Bethe-Salpeter Equation is a many-body perturbation theory framework that computes neutral excitations and optical spectra by accurately modeling electron–hole interactions.
It is integrated with DFT and GW methodologies in practical workflows, enabling precise prediction of excitonic and charge-transfer states in various materials.
Advances such as finite-field evaluations and low-rank approximations have significantly reduced computational costs while extending BSE applications to complex spectral analyses.

The Bethe-Salpeter Equation (BSE) is a cornerstone of many-body perturbation theory, providing a rigorous framework for computing neutral excitation energies and optical spectra in molecules and solids. The BSE describes the propagation of two-particle (electron–hole) correlations and explicitly accounts for electron–hole attraction and exchange, enabling the quantitative prediction of excitons, charge-transfer excitations, and core-level spectra in broad classes of materials.

1. Formalism and Physical Interpretation

The BSE emerges from the equation of motion for the two-particle Green's function $L(1,2;1',2')$ , capturing the correlated response of a many-electron system to external perturbations. The BSE for $L$ in operator notation is

$L = L_0 + L_0\,K\,L$

where $L_0$ is the independent-particle propagator and $K$ is the electron–hole interaction kernel, typically derived from functional differentiation of the many-body self-energy with respect to the single-particle Green's function (Blase et al., 2020). In practice, one projects the BSE onto a product basis of valence $\psi_v$ and conduction $\psi_c$ single-particle orbitals, resulting in an effective Schrödinger-like eigenvalue problem for neutral excitations: $\sum_{v'c'} \left[(\epsilon_c - \epsilon_v)\,\delta_{vv'}\delta_{cc'} + K_{vc, v'c'}\right] A^S_{v'c'} = \Omega_S A^S_{vc}$ where $\epsilon_v$ , $\epsilon_c$ are quasiparticle energies, $A^S_{vc}$ are the excitonic amplitudes, and $\Omega_S$ are excitation energies (Nguyen et al., 2019, Blase et al., 2020).

The kernel $K$ contains a repulsive bare-exchange term and an attractive direct term mediated by the statically screened Coulomb interaction $W$ , i.e., $K = K^d + K^x$ , with

$K^d_{vc,v'c'} = \iint \psi_v(r) \psi_c^*(r) W(r, r') \psi_{v'}^*(r') \psi_{c'}(r')\,dr dr'$

$K^x_{vc,v'c'} = -\iint \psi_v(r) \psi_{c'}(r) v_c(r, r') \psi_{v'}^*(r') \psi_{c}^*(r')\,dr dr'$

where $v_c(r, r')=1/|r - r'|$ and $W(r, r') = \epsilon^{-1}(r,r') v_c(r,r')$ (Nguyen et al., 2019, Rebolini et al., 2013).
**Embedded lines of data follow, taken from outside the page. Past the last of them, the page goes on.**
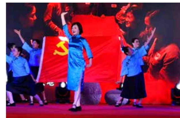
东肖侨联侨声艺术团走进溪连小学开展文艺宣传活动。图为音乐情景剧《红梅赞》。

东肖侨联侨声艺术团队员们大多非专业出生，且多为中老年朋友，平日从事生产劳动，业余时间就练习民族民间歌舞，既陶冶个人的艺术情操、丰富群众精神文化生活，也为民族民间文化传承尽一份力量。他们扎根基层生活，在创作表演中传承和弘扬了弥足珍贵的民族文化艺术，也让基层群众的生活更加绚烂多彩。艺术团认真贯彻落实《中华人民共和国归侨侨眷权益保护法》《福建省华侨权益保护条例》，坚持以侨为本、为侨服务的宗旨，加强涉侨法律法规宣传。急侨胞之所急，解侨胞之所需，多次组织开展“情暖困难群体—春节慰问活动”“福侨爱心包”发放仪式等关爱归侨侨眷活动，还利用中秋、重阳等重要节日，开展重点归侨困难户走访慰问演出活动，帮助他们解决生产生活困难。通过表演富有本土特色的文艺节目，如音乐情景剧《红梅赞》《绣红旗》、音乐小品《过河》、山歌说唱表演《传播革命火种的海归楷模—邓子恢》等节目，形象演绎了一段段生动感人的红色故事，尤其是国家级非物质文化遗产代表性项目“龙岩采茶灯”，让大家体验感受传统文艺的魅力，凝聚团结奋斗的力量。多年来，利用“民间窗口”优势探索多种形式为海外侨胞服务，了解当地侨胞的需求和重点关心的问题，并根据需求不断调整、巩固、发展、提高，真正起到桥梁和纽带的作用。
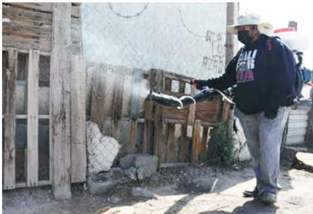
MEXICALI.- El sector salud en acciones intensas para evitar muertes por rickettsia.

Al respecto, comentó que se proporcionará un collar, así como el anti garrapati-
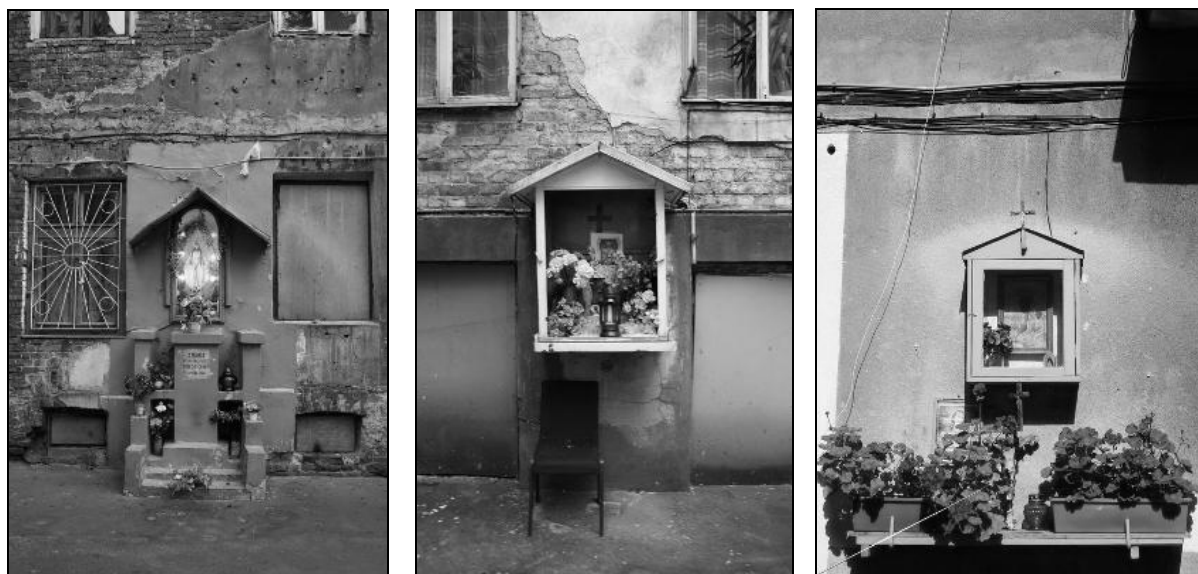
Fot. 4. Kapliczki na warszawskiej Pradze, stan współczesny. Photo 4. Shrines in Warsaw (Praga district), contemporary state.

w sąsiedztwie domów mieszkalnych, na podwórkach, parkanach czy ścianach domów (Bohdziewicz, Stopa, 2011). Były skromne, często niepozorne, umieszczone tak, że wtapiały się w otoczenie i trudno było je zauważyć od razu. Do dnia dzisiejszego tego typu kapliczki zachowały się w śródmieściu Warszawy, w tak zwanych podwórkach studniach oraz na Pradze, gdzie i obecnie stanowią wyróżnik praskiego krajobrazu zabudowy osiedlowej, a zwłaszcza przedwojennych podwórek (fot. 4).
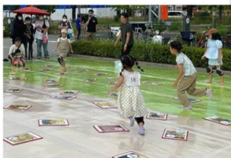
ジャンボ堺かるた大会
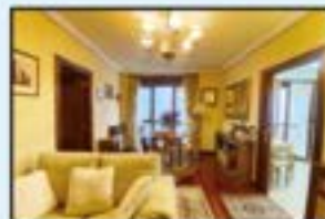
Erdigunea Ref. 106

3 logela, 2 komun. Terraza. Garaje ibdia aukeran. Kontsultatu
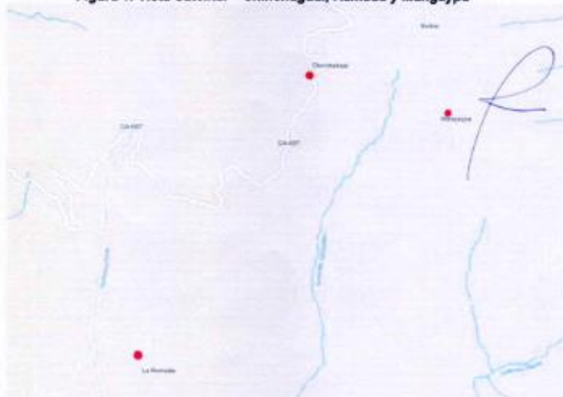
Figura 1. Vista Satelital – Chinchagual, Ramada y Mangaypa

ING. ROYBER GUERRERO DIAZ REG. CIP: 308609
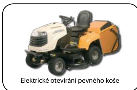
Elektrické otevírání pevného koše
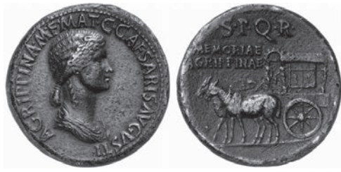
Fig. 4. Sesterce à l'effigie d'Agrippine

Comme on l'a dit, Scheffer, reproduira à son tour la monnaie d'Agrippine ainsi que celle de Julie (fig. 5), dans le chapitre consacré au carpentum au livre II de son De re vehiculari (II, XVI) ; il s'agit de monnaies qu'il a vues chez Magnus Gabriel de la Gardie (1622-1686), grand chancelier de Suède et favori de la Reine Christine (p. 115 : ex nummo illustriss(imi) Comitis Magni de la Gardie, Regni cancellarij ) :
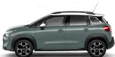
SIVÁ KAKI (M)
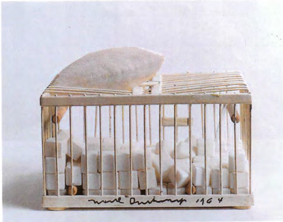
Vue n° 1

Marcel DUCHAMP, Why Not Sneeze Rose Sélavy ? (Pourquoi ne pas éternuer Rose Sélavy ?), 1921, réplique de 1964, « ready-made assisté », 152 cubes de marbre en forme de sucres avec thermomètre et os de seiche dans une cage à oiseaux en métal peint, 12,4 x 22,2 x 16,2 cm. Collection Arturo Schwarz, Milan.
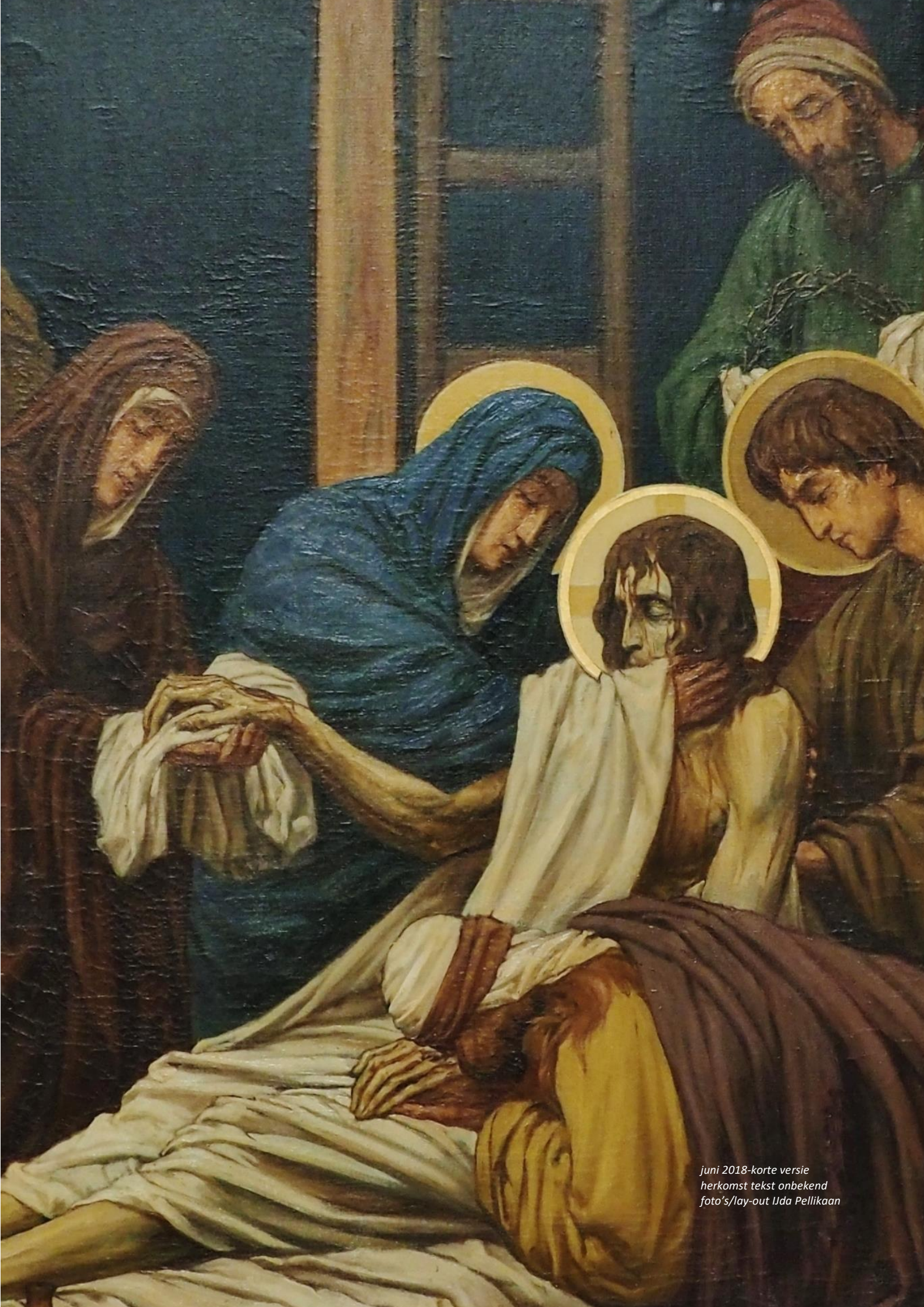
juni 2018-korte versie herkomst tekst onbekend foto's/lay-out Iida Pellikaan

2. BSE in Practical Many-Body Workflows

Realistic electronic-structure calculations typically combine:

(i) DFT ground-state: Providing orbitals and energies for the Kohn-Sham reference.
(ii) GW correction: Yielding quasiparticle energies and the statically screened Coulomb interaction $W$ (via the RPA dielectric response) (Blase et al., 2020, Gilmore et al., 2016).
(iii) BSE solution: Constructing and diagonalizing the excitonic Hamiltonian for neutral excitations, optionally within the Tamm-Dancoff approximation (TDA) (neglecting antiresonant couplings) (Blase et al., 2020, Unzog et al., 2022).

The standard workflow is:

Compute ground-state DFT orbitals.
Compute RPA screening and perform a single-shot $G_0W_0$ calculation for quasiparticle corrections.
Assemble the BSE kernel $K_{vc,v'c'}$ , including both exchange and screened-direct terms.
Solve the BSE eigenproblem (direct diagonalization, Davidson/Lanczos iterative solvers, or Haydock recursion for spectral properties).
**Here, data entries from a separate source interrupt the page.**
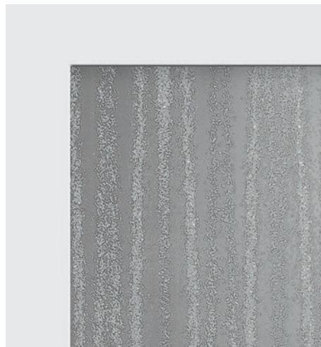
Glas Chinchilla weiß

Kombinieren Sie Ihr individuelles Lieblingsmodell aus unseren Lüttje Lopers mit der Auswahl aus Ornamentgläsern, Griff-Sets in unterschiedlichen Längen aus hochwertigem V2A-Edelstahl und den umfassenden Dekoren (ein- oder beidseitig preisgleich) zu Ihrer persönlichen Traumtür!
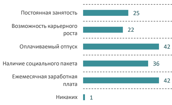
Рис. 3. Распределение ответов на вопрос «Какие положительные стороны Вы видите в официальном трудоустройстве?», %

сущность данного понятия и большинство трактует его как «установленный законом порядок оформления работников в соответствии с Трудовым кодексом Российской Федерации». Из положительных сторон официального трудоустройства респонденты выделяют наличие ежемесячной заработной платы и оплачиваемый отпуск (рис. 3). Из отрицательных – опрошенные чаще всего отмечают наличие длительного режима работы (чаще всего с 08.00 до 17.00) и то, что в некоторых случаях трудовой договор может запрещать внешнее совмещение (рис. 4).
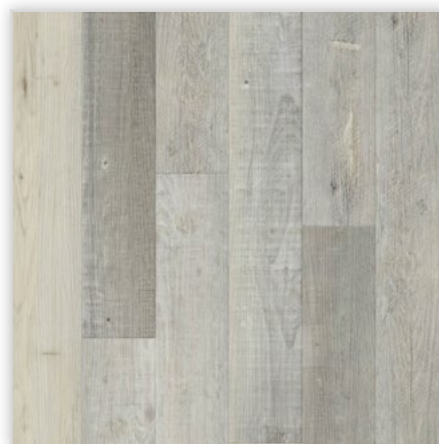
Kolekcja wineo 800 craft, do montażu na klej, dekor Infinity Light Mixed, symbol DB00072. Wymiary [mm]: 914,4/101,6/2,5, warstwa użytkowa 0,55 mm, pełna deska, wyczuwalna struktura drewna. Klasa użytkowa: 23/42. Montaż: klejowy.
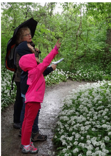
Au printemps, découverte de la forêt et du parterre d'ail des ours.
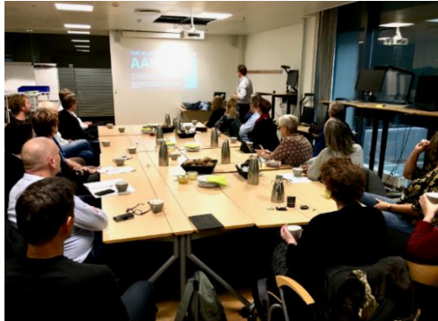
Presentatie gemeentehuis Aarhus

Aan het einde van maandag 4 november zijn we per bus naar Aarhus gereisd. Aarhus is een relatief grote plaats met 350.000 inwoners, het is de 2 de grootste stad in Denemarken. Op 5 november hebben we in de ochtend een bezoek gebracht aan de gemeente. Ook hier hebben we presentaties gehad over het werk van de gemeente Aarhus in relatie tot onderwijs en jeugdhulp. Zowel in Aarhus als in Herning ligt veel nadruk op leren en op welbevinden als basis. Waarbij het vooral belangrijk is dat leerlingen vooruitgang boeken: 'niet iedereen hoeft hersenchirurg te worden.'
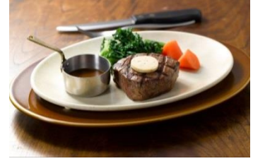
豪州産ヒレステーキ ～温ケール&ブロッコリー添え～ 2,880円（税込 3,110円）
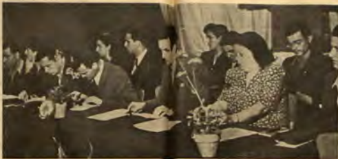
Делегати правят доклад и конференцията

С това преобработеното заседание във Военния клуб завърши. Групово заседание се отпразва за един от ресторитите „Хорема“, където ни бе сервирен обед.
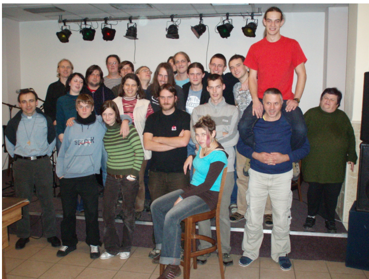
Tým Salesiánského střediska.

Děkujeme také drobným dárcům, jejichž podpory si velmi vážíme.

This framework yields accurate optical gaps, absorption spectra, and can describe both localized (Frenkel) and delocalized (Wannier, charge-transfer) excitons in molecules and solids (Blase et al., 2020, Liu et al., 2019). For core-level spectroscopy (XAS, XES, RIXS), the BSE is constructed in a product basis of core and conduction states, with the same basic kernel structure (Gilmore et al., 2016, Vinson et al., 2010, Unzog et al., 2022).

3. Algorithmic Strategies and Computational Scaling

Early BSE implementations incurred steep operator scaling: full matrix build and diagonalization cost scales as $O(N^6)$ in the basis set size $N$ . Multiple algorithmic advances have reduced this bottleneck:

Finite-field evaluation: Bypasses explicit dielectric matrix inversion, obtaining $W$ via finite-field density responses in localized orbital bases, reducing required integrals and scaling toward $O(N^3)$ for large $N$ (Nguyen et al., 2019).
Low-rank/decomposition approaches: Represent BSE matrices as diagonal plus low-rank factors, enabling iterative solvers and Galerkin projections for rapid convergence in an auxiliary reduced basis (scaling typically $O(N^3)$ for low-lying excitations) (Benner et al., 2015).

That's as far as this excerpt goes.